Прошу передать прилагаемое письмо собственноручно брату Пейсаху, мехоторговцу – как собственноручно, так и «собственноушно» (Эйненэйр), т. е. чтобы никто не знал об этом письме, потому что, если б я желал, чтобы (другие о нем) знали, я бы не писал через тебя. Надеюсь, исполнишь это.
Если его нет в Вильно, т. е. уехал, прошу передать его жене.
От меня, твой друг Антокольский[3] 1867 г. 15 февраля.
Следующее письмо, с почтовым штемпелем «Пет. 26 сентября 1867 г.», помечено 24 сентября.
2.
Друг Барель!
Наконец пишу тебе, благодаря времени, которое мне позволяет. Но о чем писать, поверь, и сам не знаю. А писать необходимо.
Здесь, в Петербурге, мне не дурно, но только после обеда. На следующий же день перед обедом мнe очень плохо, потому что надо идти в такую даль к Бройде обедать[4]. А когда не хожу – еще хуже. Но что поделаешь. За то, что мой отец согрешил и сделал меня евреем, я, его сын, должен терпеть.
Квартиру достал недурную. Но кто знает, что может случиться дальше. Вообще, только то хорошо, что свежо, а затем...
Классы уже давно начались, и Рош а-Шона тоже давно прошло. В синагоге я имел недурную компанию. Я не плакал, потому что не хотел есть, другой не хотел плакать, но хотел есть, а третий много плакал, а есть ему всё-таки не дали[5]. А ты?
Из Парижа здесь столько же слышно, сколько и в Вильно. Поэтому нечего мне писать тебе об этом. Знаешь столько же, сколько и я.

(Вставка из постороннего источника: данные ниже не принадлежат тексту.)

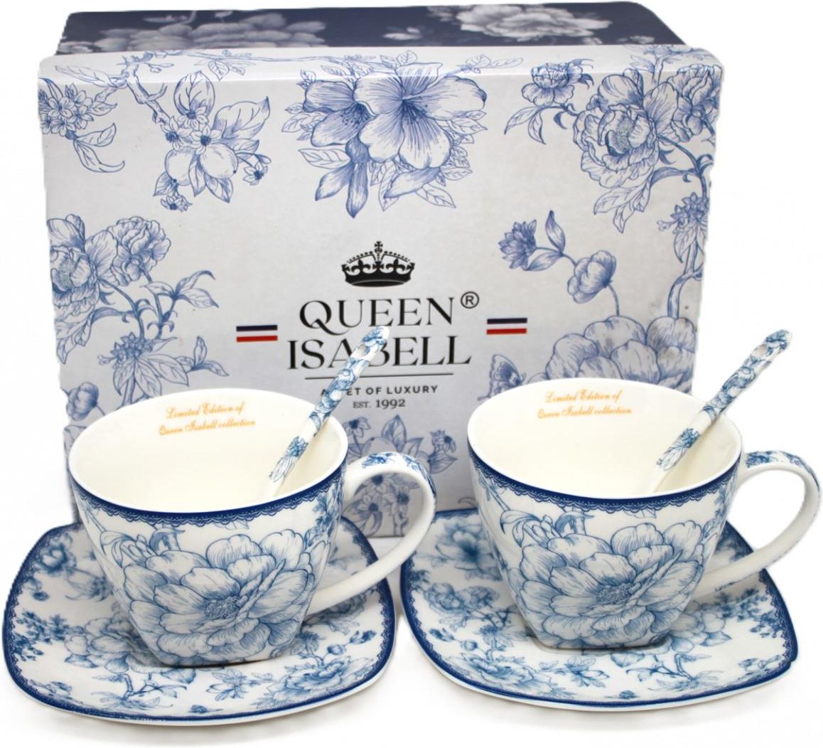Zestaw Dwóch Filiżanek Niebieskie Róże Zestaw Filiżanek Idealny na Prezent Wytworny zestaw dwóch porcelanowych filiżanek z talerzykami i łyżeczkami renomowanej marki Queen Isabell to doskonałe połączenie tradycji z nowoczesnym stylem. Każdy element tego zestawu zachwyca precyzyjnym wykonaniem oraz pięknym, klasycznym wzorem w odcieniach niebieskiego, inspirowanym motywami florystycznymi. Cechy zestawu: Filiżanki: Pojemność idealna na kawę w stylu cappucino. Wykonane z wysokiej jakości porcelany, charakteryzującej się trwałością oraz odpornością na przebarwienia. Zdobione delikatnymi motywami kwiatowymi w stylu vintage. Talerzyki: Oryginalne, kwadratowe talerzyki dopełniają elegancję zestawu i nadają mu wyjątkowy charakter. Utrzymane w tym samym wzorze co filiżanki, tworzą spójną całość. Łyżeczki: Wykonane z porcelany, ozdobione pasującymi wzorami kwiatowymi. Idealnie dopasowane rozmiarem do filiżanek, stanowiąc praktyczny i estetyczny dodatek. Ekskluzywne opakowanie: Zestaw zapakowany jest w eleganckie pudełko sygnowane logiem marki Queen Isabell. Pudełko zdobione subtelnymi, niebieskimi wzorami kwiatowymi doskonale podkreśla luksusowy charakter produktu. Idealnie nadaje się na prezent, bez potrzeby dodatkowego pakowania – wystarczy dodać kokardę! Dlaczego warto wybrać ten zestaw: Do codziennego użytku: Filiżanki sprawdzą się w domowym zaciszu, podczas porannej kawy lub popołudniowych spotkań z przyjaciółmi. Jako prezent: Luksusowy zestaw Queen Isabell to perfekcyjny wybór na każdą okazję – urodziny, rocznicę, święta czy Dzień Matki. Dekoracja: Piękne wykonanie czyni zestaw nie tylko praktycznym, ale również stylowym elementem dekoracyjnym stołu. Specyfikacja produktu: Pojemność filiżanek: 250 ml. Wysokość filiżanek: 7,5cm Wymiar podstawek: 14cm x 14cm Długość łyżeczki: 13cm Zestaw filiżanek Queen Isabell to doskonały wybór dla osób ceniących sobie piękno, jakość i wyrafinowany styl. Idealny zarówno na prezent, jak i do użytku codziennego – dodaj swojej kawie odrobinę luksusu!
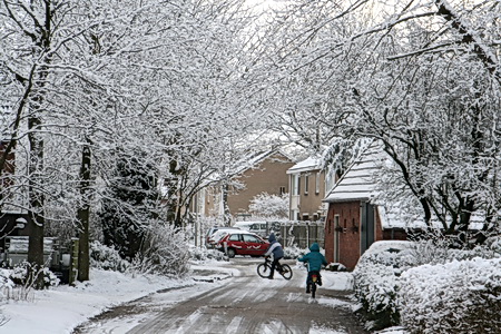 Prachtig gedeelte van de Noordwijkweg met rechts huize Hommes, het vroegere Dijkstra-boerderijtje. Mika en vriendje?broertje? vinden de gladheid een lust voor de crossfiets…
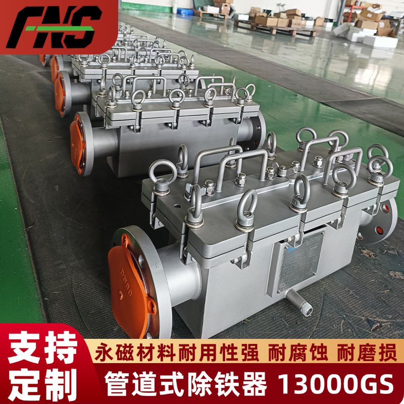 管道除鐵器是一種用于液體或氣體輸送管道中的磁性過濾裝置,主要用于吸附和去除流體介質(zhì)中的鐵磁性雜質(zhì)(如鐵屑、焊渣、銹蝕顆粒等),保護(hù)下游設(shè)備(如泵、閥門、噴嘴等)免受磨損或堵塞。其核心采用高性能釹鐵硼磁體或電磁結(jié)構(gòu),提供強(qiáng)磁場吸附力,可安裝在水平或垂直管道上,并配備法蘭或螺紋接口以便于安裝。部分型號支持手動或自動清理功能,適用于化工、食品、制藥、水處理等行業(yè),確保流體純凈度和生產(chǎn)安全
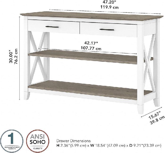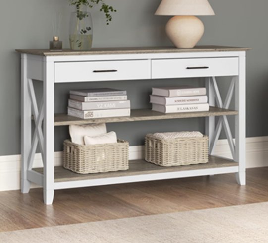 Bush Furniture Key West Console Table with Drawers and Shelves - 47" x 30" x 15.6" - White/Shiplap Grey (Model: KWT248G2W-03)
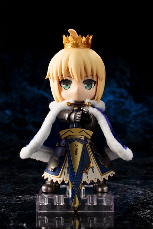 「Cu-poche Saber/阿爾托莉亞・潘德拉岡」以遊戲中靈基再臨第2階段的造型為基礎,附有布質披風以及王冠再現「亞瑟王」的姿態。卸下這些配件、拿起「誓約勝利之劍(Excalibur)」後就是我們平時熟悉的Saber,服裝、劍鞘「阿瓦隆(Avalon)」皆有細膩的色彩與圖樣,鎧甲部份也以金屬色塗裝,還附上了多種表情零件展現王的威嚴或溫柔笑容!
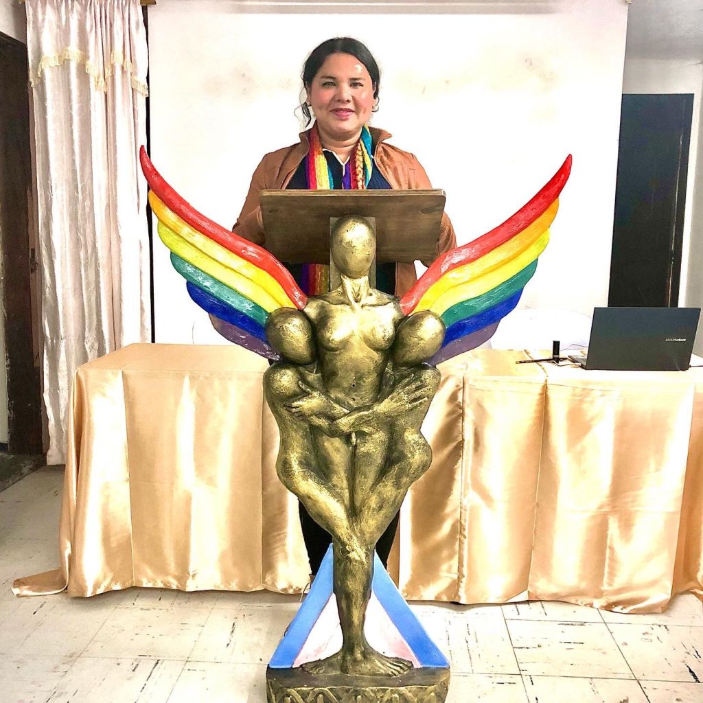 Este podio es una inversión del Centro Trans de Quito, con la finalidad de representar a modo de memorial los asesinatos de nuestras poblaciones.
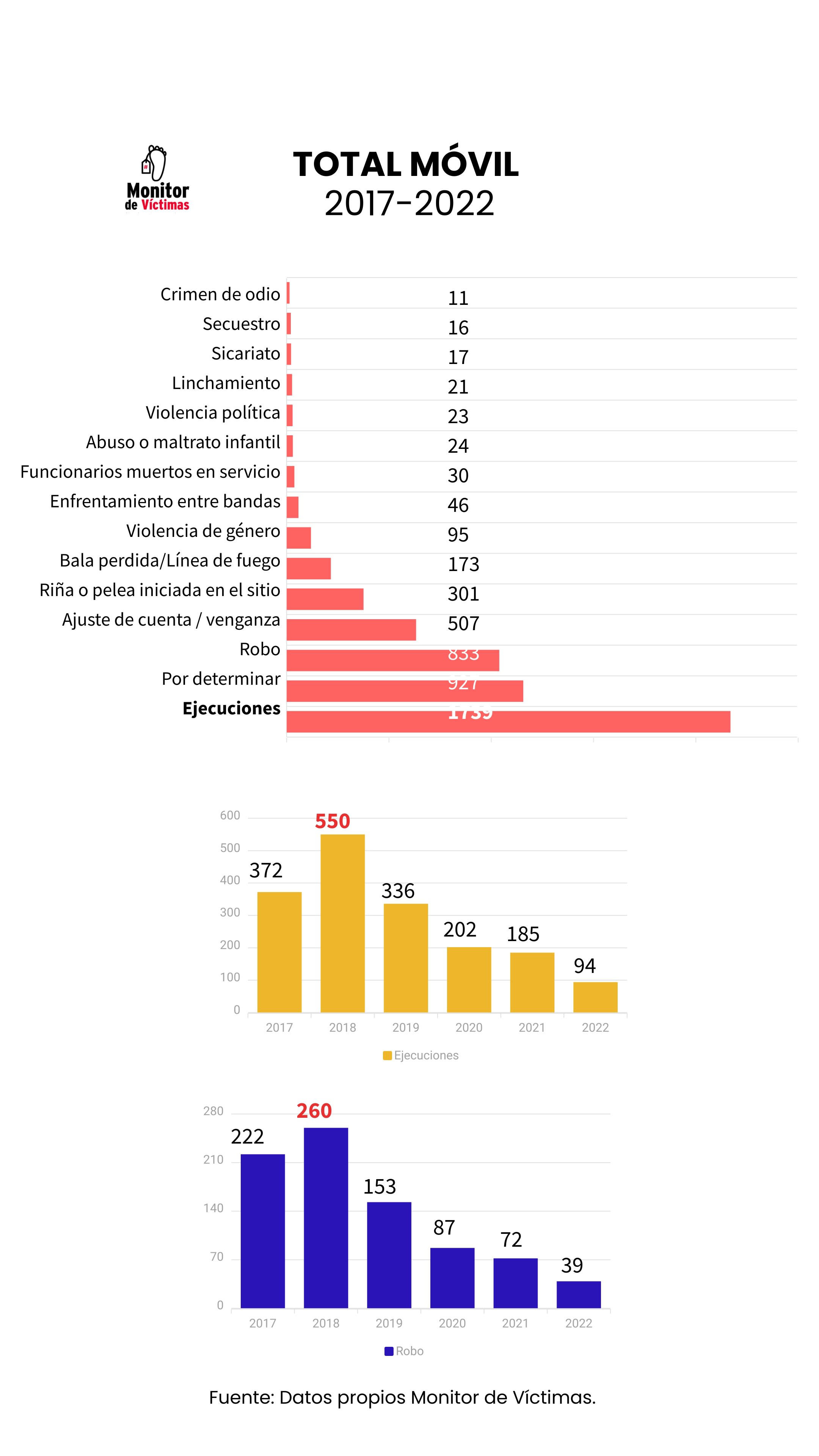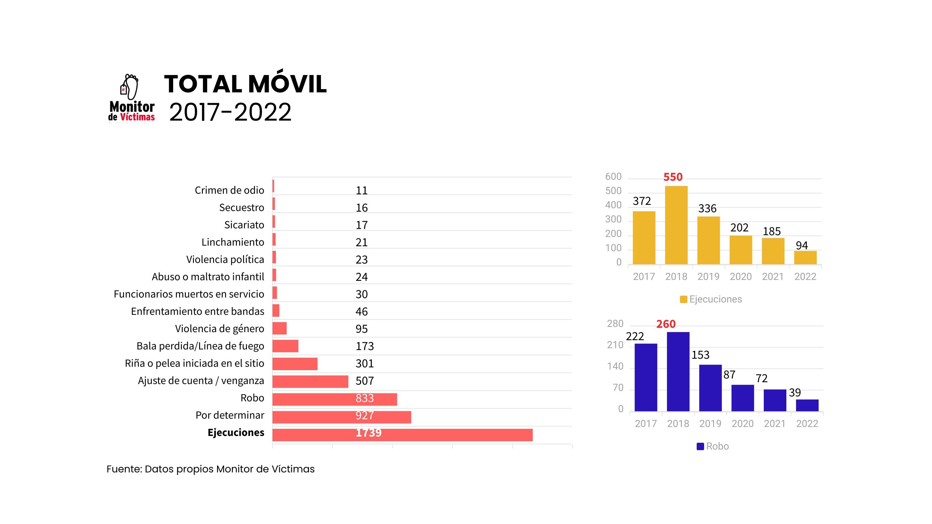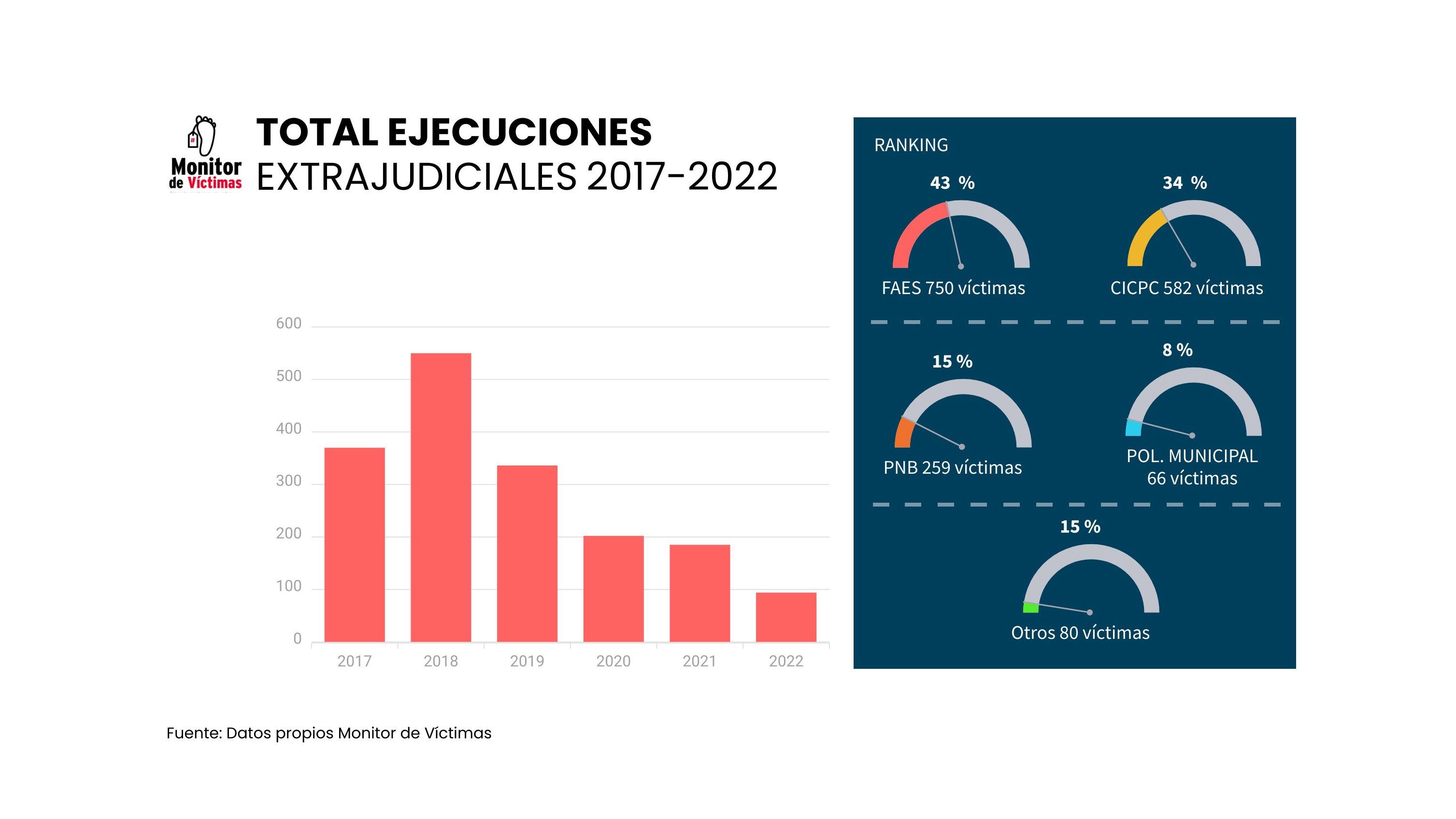 Desde 2017, Monitor de Víctimas comenzó a monitorear la violencia homicida en el Área Metropolitana de Caracas. A partir de ahí, se han añadido otros cuatro estados a nuestros registros: Lara (2020), Táchira (2021), Sucre (2022) y Zulia (2022). De esta forma, entre mayo de 2017 y diciembre de 2022, Monitor de Víctimas ha logrado tener registradas un total de 5.556 muertes violentas en los estados ya mencionados, 2.061 (37%) de las cuales son asesinatos por letalidad policial, siendo, de lejos, el móvil de mayor frecuencia.

Моих глиняных еврейчиков[6] я имел было понести к фотографу, но решил, что лучше будет раньше понести свои карманы к портному, потому что они, как ты знаешь, с давних пор порвались. Так как я как раз получил несколько денег, то я и хотел починить карманы, чтобы иметь, где их держать. Но портной у меня забрал деньги за починку карманов. Итак... Понимаешь?! А фотограф не желает принимать карманы вместо денег.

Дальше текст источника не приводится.